··· Source information ···

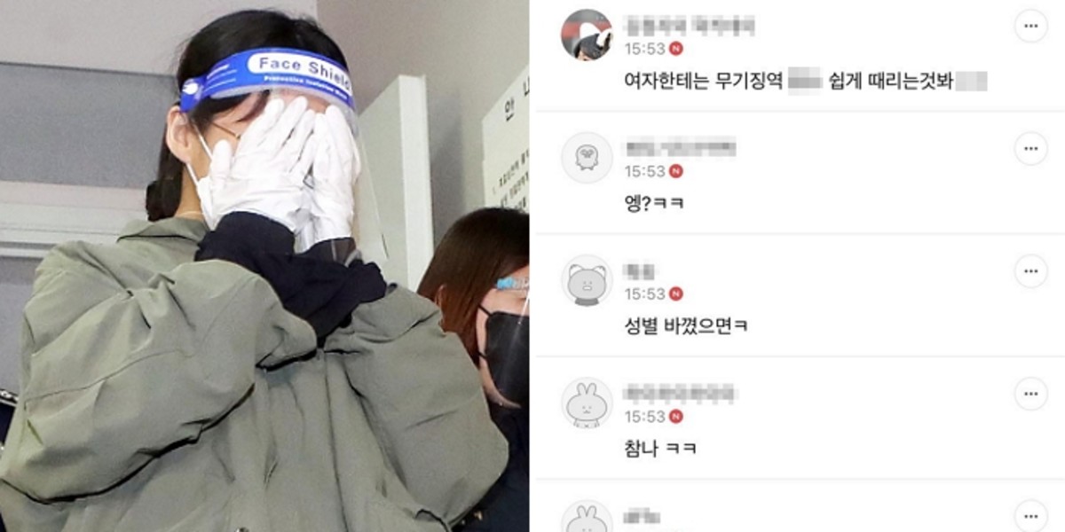 이씨의 무기징역이 선고된 이후 여초 회원들은 "에휴", "지X", "?????" 등의 댓글을 달며 불만을 나타냈다.
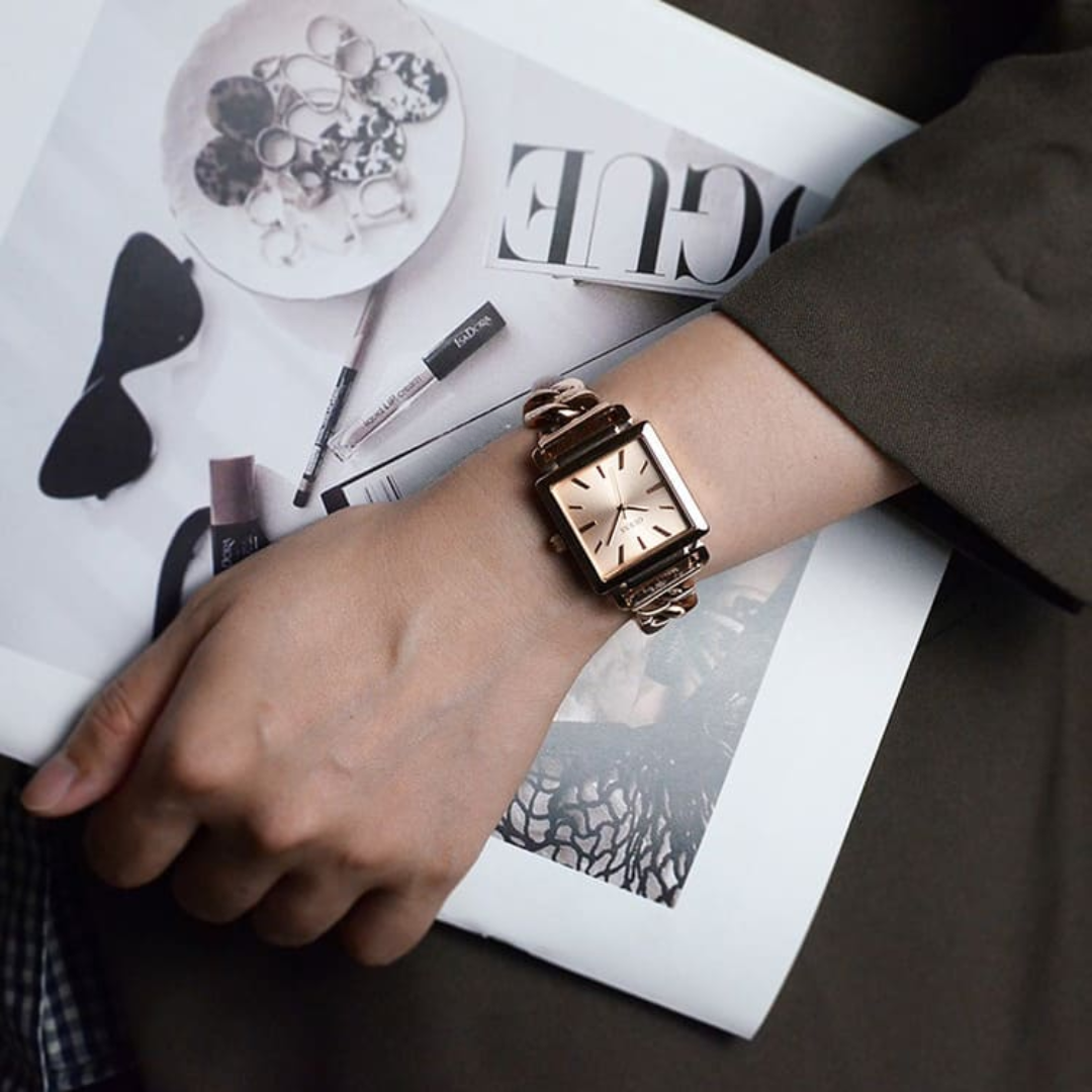 La Guess Vanity W1029L3 séduit par son boîtier carré minimaliste et son cadran ton sur ton rose doré. Son bracelet en maillons chaîne poli apporte une note moderne et féminine, parfaite pour rehausser toutes vos tenues. Un bijou horloger qui conjugue douceur et raffinement.
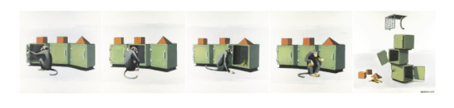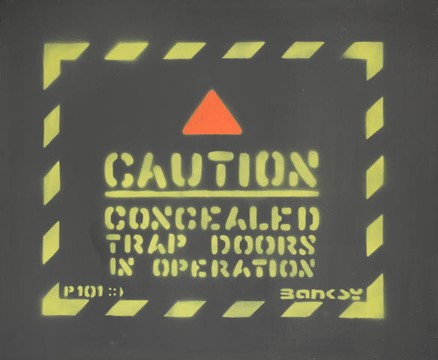 Many early Banksy originals were exhibited, mostly stencil and acrylic works on canvas. The collection of work on view included the notable Simple Intelligence Testing, a series of four canvases featuring a monkey, which sold eight years later on 28 February 2008 at Sotheby’s London for a record GBP 635,500.
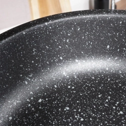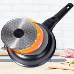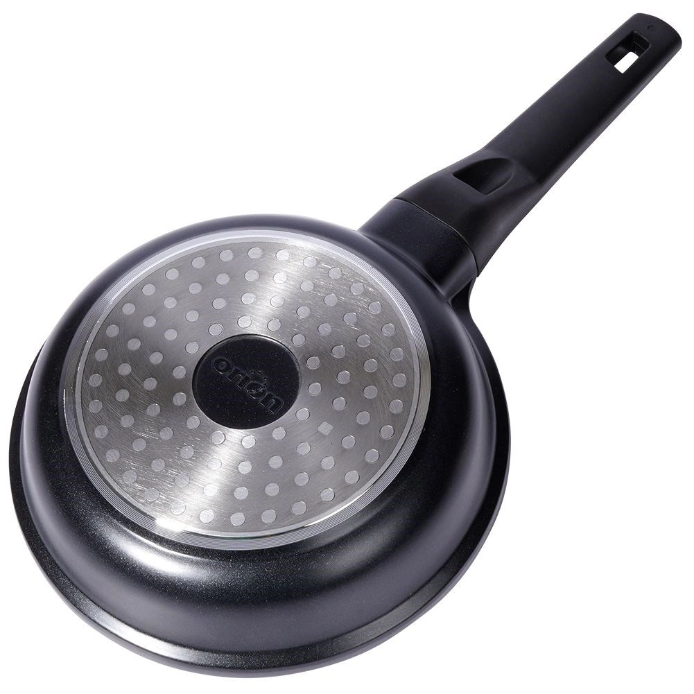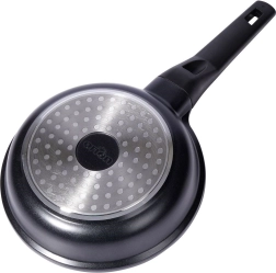 De pan is compatibel met alle soorten kookplaten – gas, elektrisch, keramisch en inductie. De gelijkmatige warmteverdeling over het hele oppervlak voorkomt aanbranden en garandeert perfecte resultaten. De ergonomische, niet-oververhittende handgreep ligt prettig in de hand en maakt hanteren eenvoudig. In de verpakking vind je ook een beschermende onderlegger voor veilig stapelen van pannen.
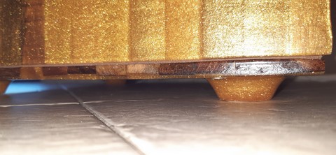 Elle est composée de plus de 850 lamelles de chêne, coulées dans de la résine d'époxy chargée de paillette dorées, certaines lamelles on étaient retirées pour permettre à la lumière de traverser la résine.
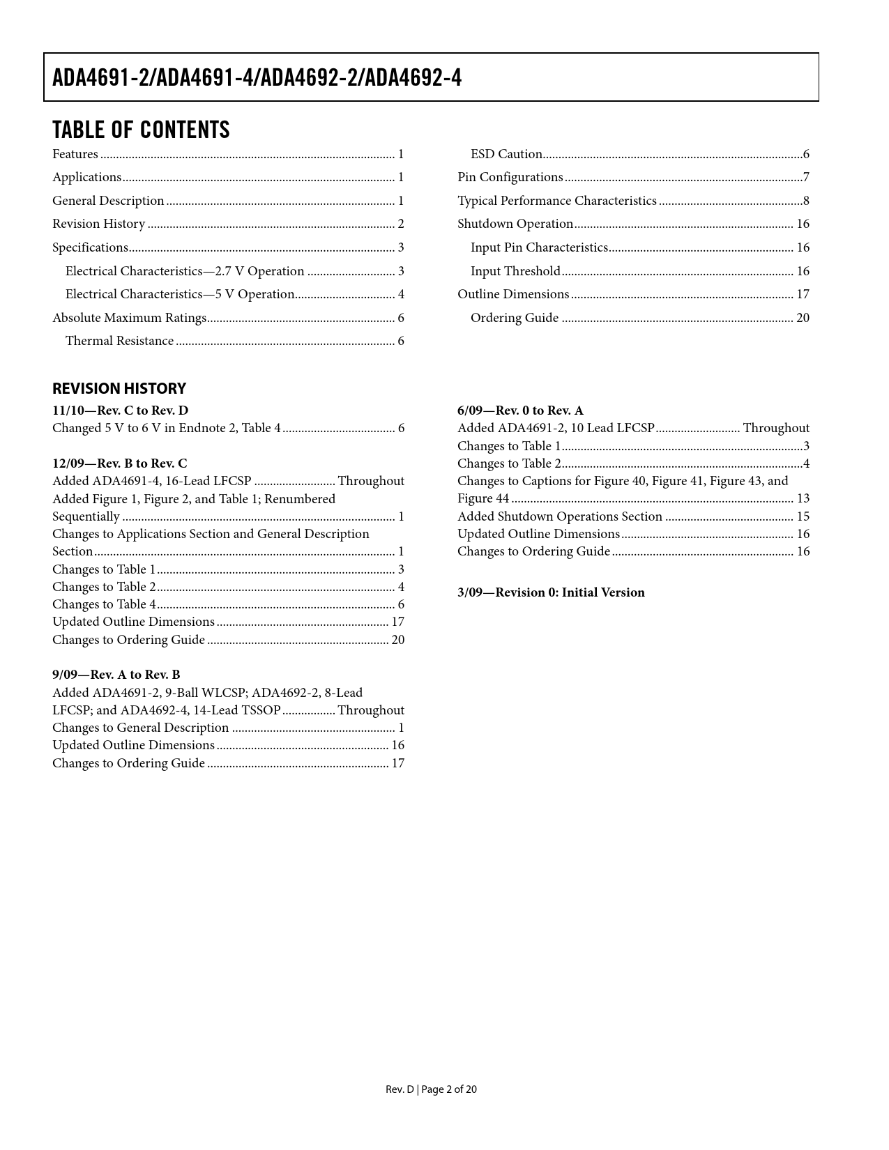Pages / Page20 / 2 — ADA4691-2/ADA4691-4/ADA4692-2/ADA4692-4. TABLE OF CONTENTS. REVISION …

···

▶ **Exercise objective**
Only the lines from the top of the material above down to the line bearing "La Guess Vanity", that line included, should be set down exactly; no pictures.

▶ **Response to the exercise**
 이씨의 무기징역이 선고된 이후 여초 회원들은 "에휴", "지X", "?????" 등의 댓글을 달며 불만을 나타냈다.
 La Guess Vanity W1029L3 séduit par son boîtier carré minimaliste et son cadran ton sur ton rose doré. Son bracelet en maillons chaîne poli apporte une note moderne et féminine, parfaite pour rehausser toutes vos tenues. Un bijou horloger qui conjugue douceur et raffinement.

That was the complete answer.